Я закрываю лицо руками, потому что больше не могу видеть сестру. Жаль, что у людей одна пара рук, потому что другой я бы закрыла уши, чтобы не слышать тот бред, что она несёт.
И тут мне в голову приходит мысль, от которой внутри снова всё переворачивается, и я впиваюсь в Николь взглядом.
— Скажи, а если бы я тогда не согласилась, куда бы ты дела Лекса?
Николь хмурится и отпивает уже порядком остывший кофе.
— Какая теперь разница?
— Отвечай! — каркаю я и по-прежнему не отвожу от неё глаз. Мне нужно доказательство, что это не очередная игра.
Но может же быть, что и игра! Чёрт его знает, зачем это сестре понадобилось. Может, выступление специально для матери. Может, меня испытывает. Узнала про мои трудности и испытывает. Хрен тебе, а не звонок о деньгах тогда.

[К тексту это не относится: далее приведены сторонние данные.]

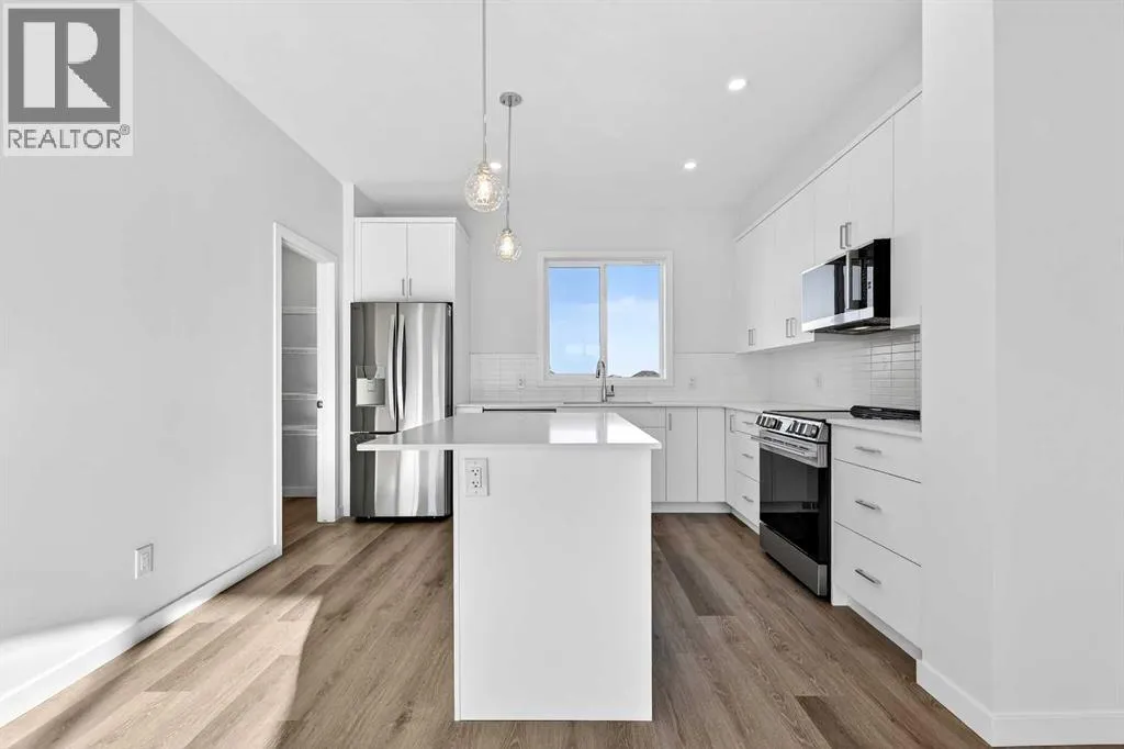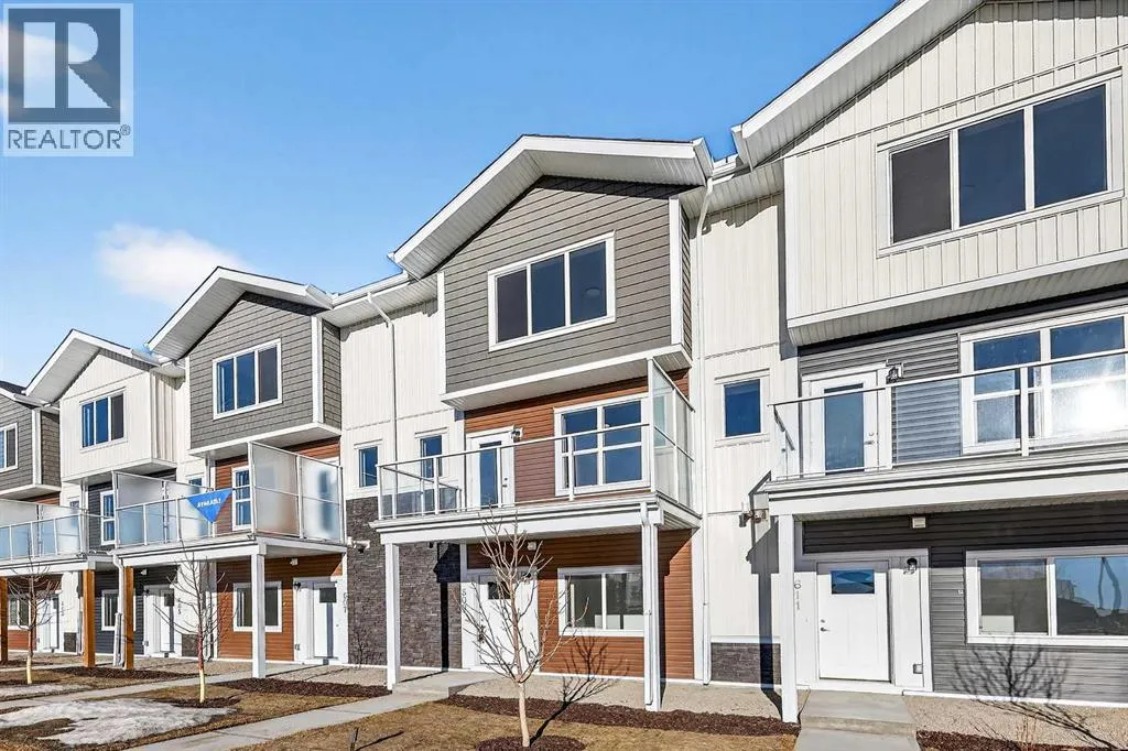 OPEN HOUSE on Saturday, February 14th AND Sunday, February 15th from 12-5pm. Please go to the Show Home located at 613-132 Red Embers Link NE for access. StreetSide proudly presents this exceptionally popular interior-unit townhome, where expansive living areas meet modern comforts and sophisticated finishes. The thoughtfully designed floorplan features three spacious upper-level bedrooms and two and a half well appointed bathrooms, complemented by a versatile lower-level den perfect for a home office or quiet retreat. The heart of the home is an inviting open-concept main floor, anchored by a large gourmet kitchen featuring a functional breakfast bar for casual dining. This bright living space transitions seamlessly to a private balcony, offering a perfect setting for outdoor relaxation. The interior showcases high end craftsmanship, including modern white slab-style cabinetry with a full bank of drawers for maximum storage. The kitchen is further elevated by polished white quartz countertops and a full suite of premium stainless steel appliances. Durable luxury vinyl flooring runs throughout the primary living areas, while the stairs and upper level are finished with plush carpet over an 8lb underlay for superior comfort. Additional conveniences include an attached double car garage, professionally maintained landscaping, and a lifestyle defined by maintenance free living. Located within Red Embers Point East, this home places you at the heart of the dynamic Redstone neighborhood. Enjoy the ease of a convenient location with quick access to major routes, including Stoney Trail, ensuring you are never far from the city's best. The community is strategically positioned near future commercial developments, promising shops, services, dining, and entertainment options just moments from your doorstep. (id:27476)

Справлюсь.
Но ответ Николь ставит окончательный крест на моих надеждах.
— Ленора договорилась с одной мексиканской парой. Они бы его забрали. Правда, пришлось бы раскошелиться…
— Ты и мне деньги давала.
— Они запросили гораздо больше.
Я резко вскакиваю со стула и кидаюсь к раковине, где меня жестоко вырывает тем, что мы с Лексом ели на завтрак. К кофе, который делала мать, я так и не притронулась.
Прополоскав рот и умывшись, я отрываю два бумажных полотенца и промакиваю лицо. Эти несколько упражнений позволяют мне собраться с мыслями, и я снова готова кинуться в бой.
— Как зовут твоего жениха?
— Виктор Броуди.
— Виктор Броуди. Хорошо. Я постараюсь запомнить. А ты запомни, что Лекса я тебе не отдам. Более того, позвоню твоему Виктору и расскажу о том, что ты собралась сделать с его сыном. Если он действительно его сын.
По мере того, как я говорю, мама бледнеет, а лицо Николь идёт красными пятнами. В конце моей проникновенной речи оно напоминает перезрелый томат, который вот-вот лопнет на солнце и обнажит своё гнилое нутро.
Так и происходит.
— Что?! Да я засужу тебя за похищение ребёнка.
— Хрен тебе. Ты оформила на меня опекунство. Если этот Броуди достойный человек, он точно не отдаст тебе Лекса. Если нет, отцовство ещё доказать надо. Вряд ли солидному бизнесмену нужен подобный скандал. А уж я его организую, помяни моё слово.
— Эмма, как ты можешь говорить сестре такие вещи?!
Я пропускаю возмущённый вопль матери мимо ушей и снова обращаюсь к сестре.
— Убирайся отсюда. Ноги чтобы твоей не было в этом доме. И ты, мама, уходи. Николь ты сейчас нужнее.
— Ты ещё пожалеешь об этом, сука, — проходя мимо меня, Николь шипит так тихо, что мать вряд ли слышит.
Это последние слова, что сестра говорит мне при жизни.
Честно? Я давно научились жить с этим.
Больше всего мне страшно, что об этом узнает Сеймур. Панкреатит — опасная штука, но даже опасные штуки могут отвести большую беду. В моём понимании, большая беда — это ухудшающееся здоровье человека, разменявшего восьмой десяток. Новость о том, что Николь собирается отобрать у меня Лекса, его точно не поправит. Сердце у Сеймура крепкое, но это крепкое сердце старика. Если сестре удастся её план, кто знает, как это на нём отразится. Ни матери, ни Николь до Сеймура дела нет. Как и до меня.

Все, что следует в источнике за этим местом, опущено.